What you need to do: When the line containing "梁川 のぞみさんを姓名の画数から五運を鑑定" appears in the entries below, begin printing there and stop after the line containing "Composée de cinq"; print each of those lines exactly and no other line.

Data to use:
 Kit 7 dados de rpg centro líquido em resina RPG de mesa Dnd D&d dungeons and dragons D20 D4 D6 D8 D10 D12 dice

==

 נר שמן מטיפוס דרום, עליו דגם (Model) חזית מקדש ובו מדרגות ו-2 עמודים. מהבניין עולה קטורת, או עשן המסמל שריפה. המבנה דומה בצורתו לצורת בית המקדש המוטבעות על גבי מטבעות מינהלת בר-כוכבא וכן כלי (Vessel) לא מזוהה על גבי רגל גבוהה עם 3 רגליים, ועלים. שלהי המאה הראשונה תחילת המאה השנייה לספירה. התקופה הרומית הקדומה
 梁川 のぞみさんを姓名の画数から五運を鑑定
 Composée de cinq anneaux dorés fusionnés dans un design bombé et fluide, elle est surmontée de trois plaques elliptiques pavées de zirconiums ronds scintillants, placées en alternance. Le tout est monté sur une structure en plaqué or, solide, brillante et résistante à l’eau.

Written reply:
 梁川 のぞみさんを姓名の画数から五運を鑑定
 Composée de cinq anneaux dorés fusionnés dans un design bombé et fluide, elle est surmontée de trois plaques elliptiques pavées de zirconiums ronds scintillants, placées en alternance. Le tout est monté sur une structure en plaqué or, solide, brillante et résistante à l’eau.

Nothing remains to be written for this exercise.